O ULTIMO PEDIDO

Era um homem forte, rapaz novo ainda, não passava dos quarentas anos de idade, porem rude, não podia dizer que era ateu mas o homem não gostava de religião, não freqüentava a capela do bairro nem as festas do padroeiro e muito menos nos terços que eram rezados todo primeiro domingo de cada mês, conhecido como “Domingo de Mês” oportunidade que todos aproveitavam para se reunir numa grande partilha social e alem da reza do Terço, também eram discutido as dificuldades e solidariamente se procurava encontrar soluções, quer no plano individual, quer no plano comunitário mas qual o que, quando convidado o homem não desfazia do convide como que por educação, porem para alguns dizia não ter tempo para essas coisas de religião, assim vivia entocado em seu mundo de ilusões, sua única preocupação era trabalhar e vencer na vida, porem certo dia caiu doente.

O pobre coitado foi se acabando dia após dia, perdendo peso, tinha dificuldade em se alimentar e começou a queixar de fortes dores no estomago, até que, já enfraquecido pela doença, após procurar todo tipo de benzimentos e remédios populares, tradição do lugar, fracassado em todas as tentativas, buscou socorro no conceituado farmacêutico da cidade, homem experiente que percebendo a gravidade do caso, o aconselhou a procurar o Doutor que atendia na cidade duas vezes por semana e por sorte, aquele dia ele estava atendendo em seu consultório particular.

Vale lembrar que naquela época não existia o SUS e o falado INPS era só pra quem tinha carteira registrada, outra alternativa seria pelo então Sindicato Rural da cidade visto que era contribuinte do FUNRURAL porem não foi possível marcara uma consulta pois a entidade estava sem profissional médico para o atendimento, assim, apesar do preço da Consulta com o tal medico ser um pouco salgado para os padrões do sertanejo da época, ele não teve outro jeito senão dispor do dinheiro para tentar resolver o seu problema de saúde.
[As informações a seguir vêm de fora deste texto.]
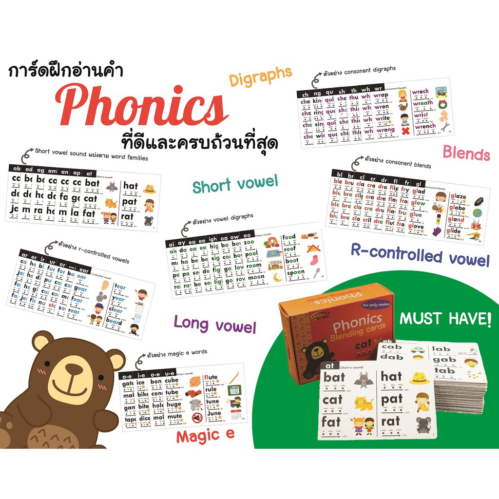 🔥ขายดีมาก🔥การ์ดฝึกอ่านคำ Phonics พร้อมภาพประกอบ และ File เสียงทุกคำ เรียนรู้ความหมายไปพร้อมกัน ยอดขายกว่า 4 พันชุด
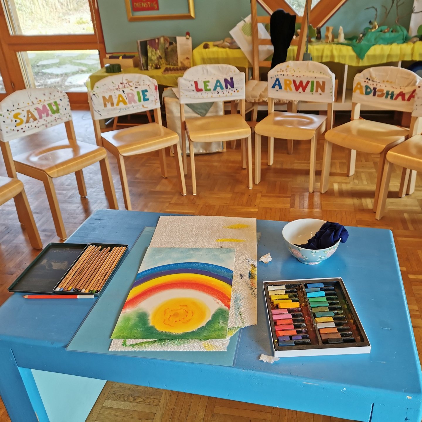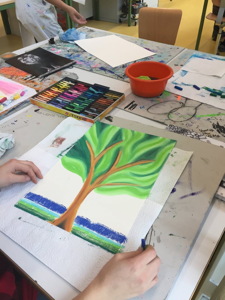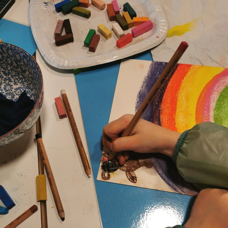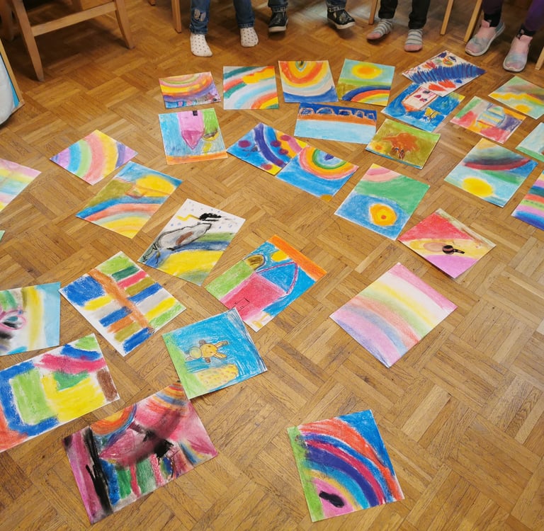 Die freudigen Kinder liessen sich von den bunten Farben inspirieren und schufen einzigartige Kunstwerke. Mit strahlenden Gesichtern experimentierten die Kinder mit den Pastellkreiden. Am Ende des Workshops waren alle stolz auf ihre Werke und konnten es kaum erwarten, ihre Eltern damit zu überraschen.
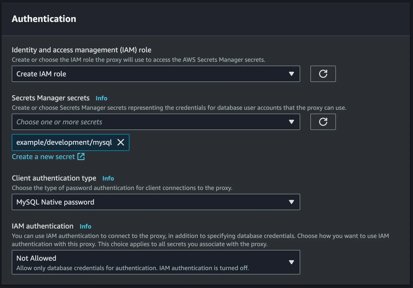 이후 RDS Proxy에서 사용할 IAM Role과 Secret 값을 생성해주어야 합니다. 기존의 role이나 secret을 사용해도 되지만, 해당 포스트에서는 새로 생성해주도록 하겠습니다.
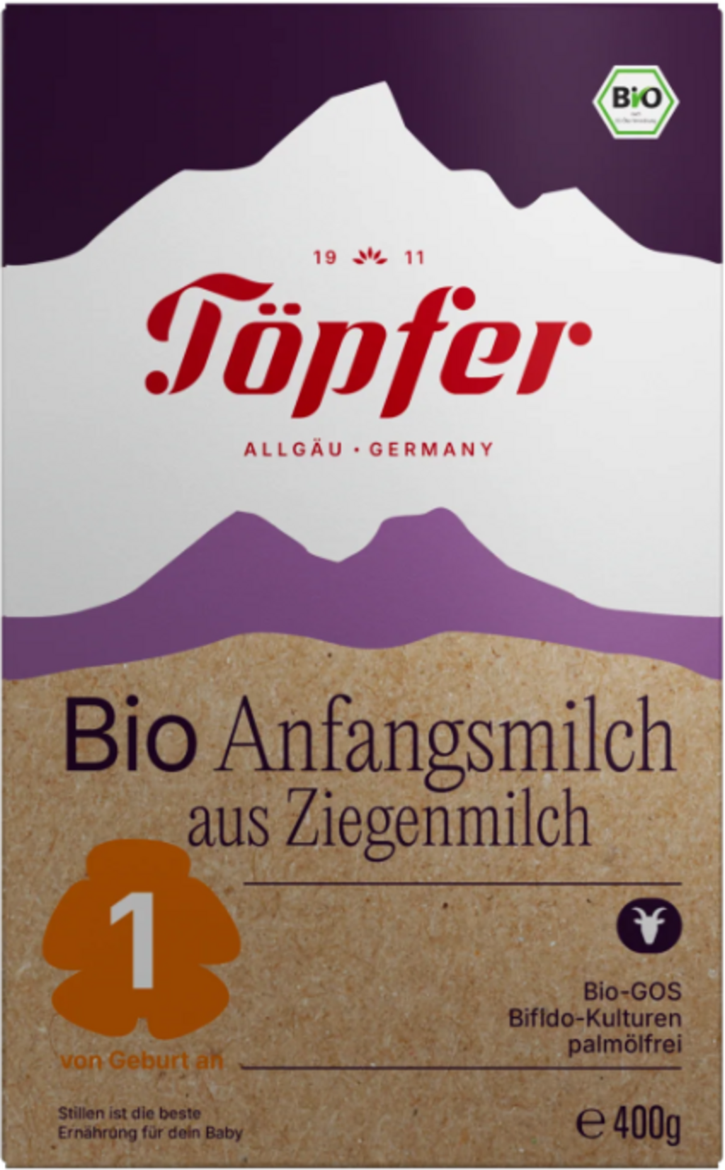 Töpfer Bio oferuje Bio PRE preparat do początkowego żywienia niemowląt na bazie mleka koziego 1, który towarzyszy noworodkom od pierwszego dnia życia. Może być stosowany jako wyłączne źródło pożywienia, gdy nie karmisz piersią, dodatkowo do mleka matki lub po zakończeniu karmienia piersią jako posiłek mleczny.

Relatou-me o rude sertanejo que doutor o examinou cuidadosamente e balançou a cabeça negativamente dizendo que o caso era gravíssimo, estava com um Câncer no estomago e necessitava ser internado no hospital numa cidade maior para numa cirurgia tentar amenizar o problema. Perguntando quanto tempo que levaria para restabelecer a saúde, disse sentir faltar lhes os chão aos seus pés quando o medico informou friamente que não tinha cura, estava desenganado pela medicina e o que ele podia fazer era receitar algumas injeções para diminuir a dor.

Diante de tal constatação, o homem se recusou ser internado e optou pelas injeções e assim voltou para casa trazendo as ditas cujas injeções de Dolantina para serem aplicadas quando tivesse dor. A principio aplicava-se uma injeção a cada três ou quatro dias porem, os intervalos foram diminuindo ao mesmo tempo em que as crises de dor foram tornando cada vez mais freqüentes e intensas, a ponto de praticamente a injeção não fazerem mais efeito algum e foi numa tarde destas que sua filha mais nova apareceu correndo lá em casa dizendo que o pai estava com muita dor e me chamava. Deixei imediatamente o que estava fazendo e me dirigi para lá, ao chegar, encontrei o homem desesperado, sentado na cama, gemendo de dor, fui preparar para aplicar mais uma injeção, ele porem me retrucou:

___ Agora não!

Parei e me voltando para ele ouvi dizendo entre gemidos:

___ Sei que você reza terço, agora quero que você reze um terço para meu anjo da guarda.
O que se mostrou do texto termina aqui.